WORK TO COMPLETE> Produce an exact copy of all the data below, dropping every image.

DATASET>
──────────────────────────────
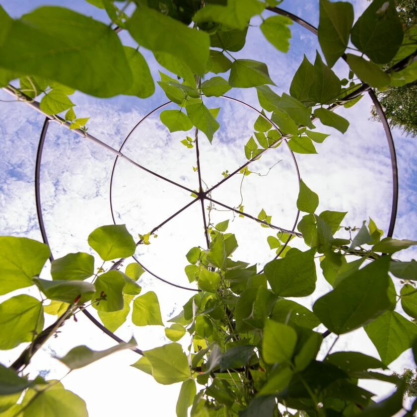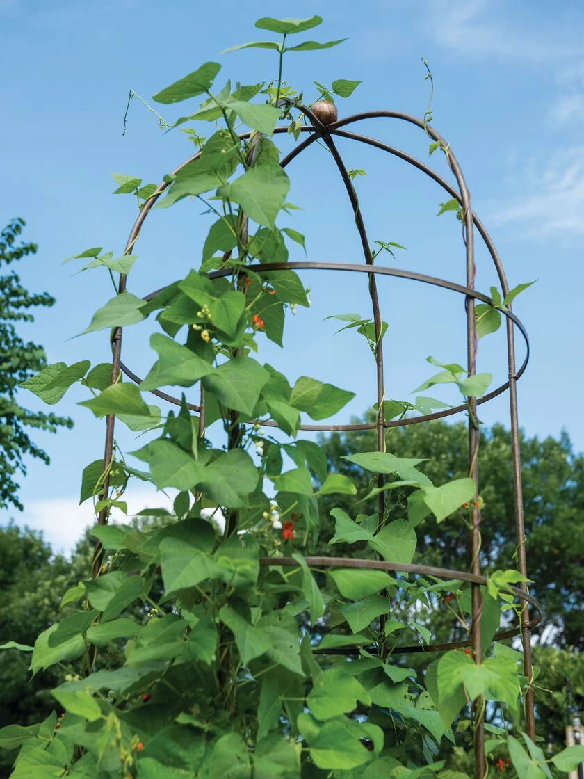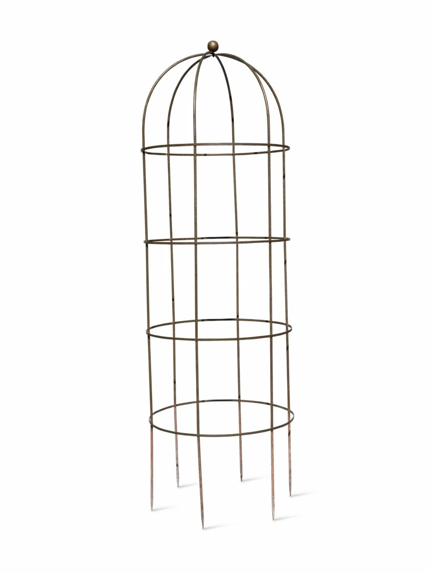 Make a statement in your garden with this towering plant support! A simple hoop frame with 6 vertical supports culminating in a birdcage-like spire, the Jardin Tower is thoroughly inspiring when filled in with summer’s vibrant vines. Beans, morning glories, and hops will feel humbled by this tower’s aspirational height — at nearly 8 feet, it’s so tall, even the most ambitious climbers may need a breather halfway up! Even without vines, the Jardin Tower adds character and visual interest to your garden. A hand-painted “aged” finish gives the tower a well-established look even newly-installed. The sturdy and long-lasting powder-coated steel frame is durable enough to stay outside all year round, providing a sculptural element when your garden is in dormancy. And when you’re busy “decking the halls,” you can brighten up your winter garden by decking out your Jardin Tower in garlands, lights, and other holiday decor. An enchanting element that keeps your garden exciting all year round, let the Jardin Tower take your green space to new heights!
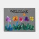 Welcoming Doormat with Row Of Pansies. Original Art By Heather Branchflower.
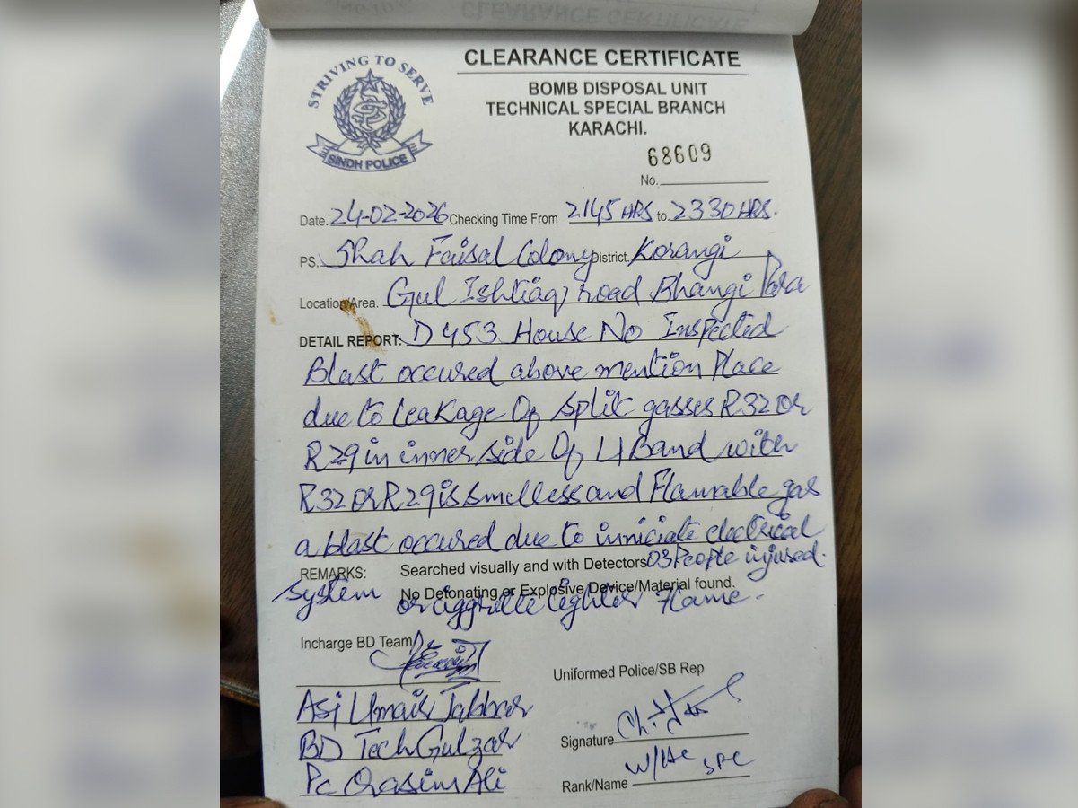 شہر قائد کےعلاقے شاہ فیصل کالونی میں ہونے والے دھماکے کے حوالے سے بم ڈسپوزل اسکواڈ نے اپنی رپورٹ جاری کر دی ہے جس میں انکشاف کیا گیا ہے کہ دھماکا حادثاتی تھا اور اس میں کوئی بارودی مواد یا بم شامل نہیں تھا۔
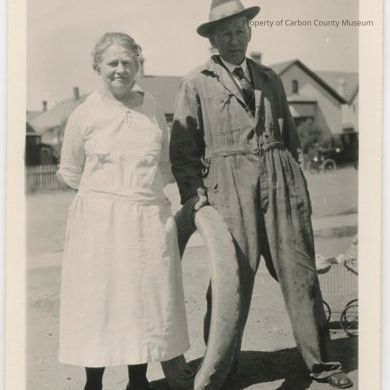 Written on back on a glued on white sticker in black ink: "John & Evelina Buchanan, grandparents of John Niland in backyard of Felton house 122 W. Pine about 1925. Married in P.E. Island, Canada. Came to Wyo in 1889. Mr. Buchanan was County Clerk. Mr. & Mrs. Roach (W.S.P. Warden) lived in the house in the background. Then moved into house on pen grounds when it was build about 1935. A model T Ford is in background."
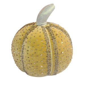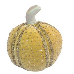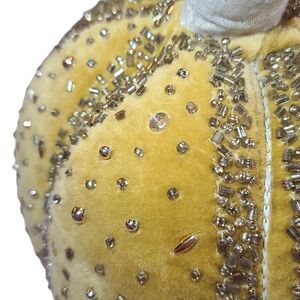 11" Beaded Velour decorative Pumpkin Mustard Gold Thanksgiving Halloween
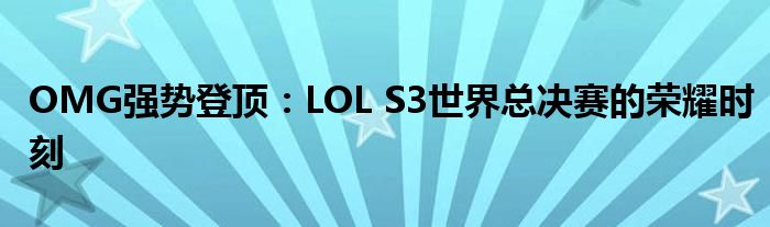 OMG强势登顶:LOL S3世界总决赛的荣耀时刻
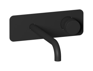 Настенный смеситель для раковины прогрессивный на 2 отверстия с длинным изливом в комплекте с донным клапаном. WE ARE IB rx207np Matt Black Reflex
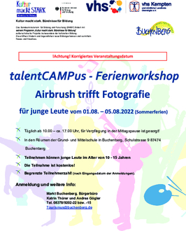 Eine kostenlose Ferienwoche bietet die Gemeinde Buchenberg gemeinsam mit der Volkshochschule Kempten in den Sommerferien vom 01. bis 05. August. Der TalentCampus ist für 10 bis 15 jährige und findet täglich von 10.00 bis ca. 17.00 Uhr (einschließlich kostenlosem Mittagessen) statt.
──────────────────────────────
YOUR SOLUTION>
 Make a statement in your garden with this towering plant support! A simple hoop frame with 6 vertical supports culminating in a birdcage-like spire, the Jardin Tower is thoroughly inspiring when filled in with summer’s vibrant vines. Beans, morning glories, and hops will feel humbled by this tower’s aspirational height — at nearly 8 feet, it’s so tall, even the most ambitious climbers may need a breather halfway up! Even without vines, the Jardin Tower adds character and visual interest to your garden. A hand-painted “aged” finish gives the tower a well-established look even newly-installed. The sturdy and long-lasting powder-coated steel frame is durable enough to stay outside all year round, providing a sculptural element when your garden is in dormancy. And when you’re busy “decking the halls,” you can brighten up your winter garden by decking out your Jardin Tower in garlands, lights, and other holiday decor. An enchanting element that keeps your garden exciting all year round, let the Jardin Tower take your green space to new heights!
 Welcoming Doormat with Row Of Pansies. Original Art By Heather Branchflower.
 شہر قائد کےعلاقے شاہ فیصل کالونی میں ہونے والے دھماکے کے حوالے سے بم ڈسپوزل اسکواڈ نے اپنی رپورٹ جاری کر دی ہے جس میں انکشاف کیا گیا ہے کہ دھماکا حادثاتی تھا اور اس میں کوئی بارودی مواد یا بم شامل نہیں تھا۔
 Written on back on a glued on white sticker in black ink: "John & Evelina Buchanan, grandparents of John Niland in backyard of Felton house 122 W. Pine about 1925. Married in P.E. Island, Canada. Came to Wyo in 1889. Mr. Buchanan was County Clerk. Mr. & Mrs. Roach (W.S.P. Warden) lived in the house in the background. Then moved into house on pen grounds when it was build about 1935. A model T Ford is in background."
 11" Beaded Velour decorative Pumpkin Mustard Gold Thanksgiving Halloween
 OMG强势登顶:LOL S3世界总决赛的荣耀时刻
 Настенный смеситель для раковины прогрессивный на 2 отверстия с длинным изливом в комплекте с донным клапаном. WE ARE IB rx207np Matt Black Reflex
 Eine kostenlose Ferienwoche bietet die Gemeinde Buchenberg gemeinsam mit der Volkshochschule Kempten in den Sommerferien vom 01. bis 05. August. Der TalentCampus ist für 10 bis 15 jährige und findet täglich von 10.00 bis ca. 17.00 Uhr (einschließlich kostenlosem Mittagessen) statt.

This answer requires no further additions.